A Shift in the Burden of Proof
by Herman Daly[Preface for Sustainable Welfare In The Asia-Pacific: Studies Using the Genuine Progress Indicator, by Philip Lawn and Matthew Clarke, 2008]
It is no small thing to shift the burden of proof. Yet, that is what Lawn and Clarke, and their colleagues, have done in this remarkable study. The presumption in the “empty world” has been that growth in GDP is “economic” in the sense that it increases benefits faster than costs as well as in the sense that this thing we call the economy is getting physically bigger. It was not previously considered necessary to distinguish the two meanings of “economic” growth. Lawn and Clarke have shown that in a large part of today’s “full world” growth in GDP often costs more than it is worth at the margin, and thus should be called “uneconomic” growth. (In this book’s language, uneconomic growth occurs after a threshold at which the Genuine Progress Indicator (GPI) levels off or declines while GDP keeps on increasing). Advocates of GDP growth, who generally point to Asia as their best success story, heretofore were never asked to prove that such growth was in truth economic. Now, after the theoretical demonstration that uneconomic growth in the macroeconomy is quite possible followed by the empirical demonstration that, it is in fact, often the case, the burden of proof in policy arguments must shift from the shoulders of growth critics to the shoulders of growth advocates. This is quite an accomplishment and needs to be strongly claimed and emphasized.

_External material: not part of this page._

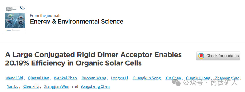 W. Shi, Q. Han, W. Zhao, R. Wang, L. Li, G. Song, X. Chen, G. Long, Z. Yao, Y. Lu, C. Li, X. Wan and Y. Chen, Energy Environ. Sci., A Large Conjugated Rigid Dimer Acceptor Enables 20.19% Efficiency in Organic Solar Cells,2025, DOI: 10.1039/D5EE00878F.

For many years I have worked with ideas that are used in this book—steady state economy, Index of Sustainable Economic Welfare, contradictions between comparative advantage and international capital mobility, and others. It is a pleasure to see these ideas not only applied but sharpened and polished as well. Although I have very little knowledge of Asia, I cannot resist recounting one relevant episode out of my limited experience. Around 1992, I was part of a World Bank mission to Thailand. This was at the end of a decade in which Thailand’s GDP had doubled. Now doubling is a big change, and ten years was within the easy memory of most Thais adults. In conversations, I began to ask people how much their lives had been improved over that decade. Many said that life had been better ten years ago. I suggested that maybe life always feels better when you are ten years younger. They assured me that they had corrected for that! Some thought things were a little better, but the suggestion that life might be twice as good was considered laughable by all. This experience led me to suggest to my bosses at the World Bank that we finance a study—a scientific survey asking people how much life had improved over the decade in which GDP doubled and to give the main reasons for their answer. History had given us a unique experiment and we should take advantage of it and learn something. My proposal was turned down, I think because the World Bank, the prime pusher of growth, was worried that it might learn an “inconvenient truth.” In 1992, the burden of proof was on me. Now, with Lawn and Clarke to appeal to, I think the burden of proof will be on the World Bank.
The study I had proposed to the World Bank was to look at what is now called “self-evaluated happiness,” whereas Lawn and Clarke look at a more objective index of welfare: the GPI. Studies of self-evaluated happiness have now come into fashion and generally support the same conclusions that Lawn and Clarke reach on the basis of more objective data. The finding is that self-evaluated happiness rises with absolute income up to a threshold beyond which increases in absolute income do not increase happiness. The emphasis in these studies is on psychological phenomena of satiation and relative position with its self-canceling effects, rather than biophysical phenomena of rising external costs imposed by a full world. The two approaches are not in conflict, but in fact, are quite complementary. The fact that they yield broadly similar conclusions regarding the futility of growth to increase welfare beyond a threshold is a devastatingly important point worthy of intense study and reflection. But beware: we may have to conclude that growth is becoming uneconomic and that we need a new principle and new policies by which to organize our separate national commonwealths and their international federation. That is a very big problem. Thanks to Lawn and Clarke for suggesting many specific policies rooted in a clear analysis of that very big problem.
Herman Daly is CASSE’s Chief Economist, Professor Emeritus (University of Maryland), and past World Bank senior economist.